On page 23, third full paragraph, replace the second sentence that starts "Furthermore, Burnetts testimony . . ." with the following:
Furthermore, Burnetts testimony about the goings-on at the courthouse was that of a percipient witness to the "roaming," gang member surveillance of the courtroom, and the possession of means of taking pictures of witnesses.
On page 30, first paragraph, replace the paragraph that starts with "Finally, defendant claims . . ." with the following two paragraphs:
Finally, defendant claims that counsel was ineffective for failing to object to the use of the juvenile strike adjudication to double defendants sentence under section 1170.12, subdivision (a)(1). The use of juvenile priors in adult sentencings is very much in controversy at the present. Defendant recognizes that California courts have uniformly allowed use of juvenile adjucations to increase sentences (see, e.g., People v.

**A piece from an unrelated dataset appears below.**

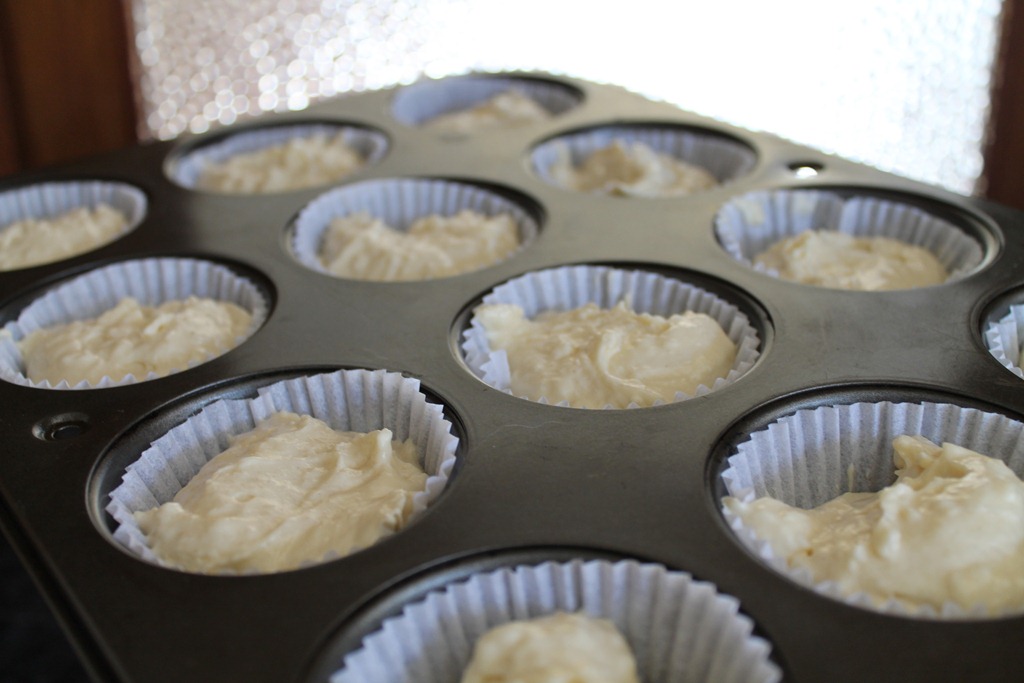If the quantities in the photos look larger than the ingredients suggest, it is because I made a double batch – some for the dozen cupcakes featured in this blog post today, and two round cake layers to be assembled in a week or so for my birthday cake. Stay tuned for photos of that.

Garcia (1999) 21 Cal.4th 1; this courts holdings in People v. Superior Court (Andrades) (2003) 113 Cal.App.4th 817, 830-834 and People v. Lee (2003) 111 Cal.App.4th 1310, 1312-1316; People v. Bowden (2002) 102 Cal.App.4th 387, 393-394; People v. Smith (2003) 110 Cal.App.4th 1072, 1077-1078). Defendant bases his claim on federal case law which has held that a prior juvenile adjudication cannot be used to increase a federal sentence because the issue was not presented to a jury. (See United States v. Tighe (9th Cir. 2001) 266 F.3d 1187, 1194; but see Boyd v. Newland (9th Cir. 2004) 393 F.3d 1008, 1016-1017 (Boyd) [Tighe opinion is persuasive authority but does not represent clearly established federal law " `as determined by the Supreme Court of the United States "; California courts use of juvenile adjudication as sentencing enhancement not contrary to or unreasonable application of Supreme Court precedent; habeas relief denied; upheld in Boyd v. Newland (9th Cir. 2006) 467 F.3d 1139, 1143 (Boyd III)]; United States v. Kortgaard (9th Cir. 2005) 425 F.3d 602, 609-610 [confirming Tighe].)
At the time of trial, counsels decision not to challenge the juvenile adjudication was not unreasonable. California courts disagreed with Tighe as do some federal circuits. (Boyd, supra, 393 F.3d at p. 1017, accord Boyd III, supra, 467 F.3d at p. 1143.) Given the unsettled state of the law and the absence of controlling United States Supreme Court precedent, counsel was justified in concluding there was no reasonable likelihood of success. (See People v. Lilienthal (1978) 22 Cal.3d 891, 896.) Counsels performance was adequate.
On page 30, third paragraph, at the first sentence replace the cite "Cunningham, supra, . . ." with the following cite:
Cunningham v. California (2007) 549 U.S. __, __ [127 S.Ct. 846, 871] (Cunningham).
There is no change in judgment. The petition for rehearing is denied.
Premo, J.
Rushing, P.J.
Elia, J. --------------- Notes: Defendant correctly pointed out in his petition for rehearing that Burnett did not state she saw pictures being taken; she said many gang members possessed means of taking pictures and she asked if they were taking her picture. This misstatement did not prejudice defendant. (People v. Watson (1956) 46 Cal.2d 818, 836.)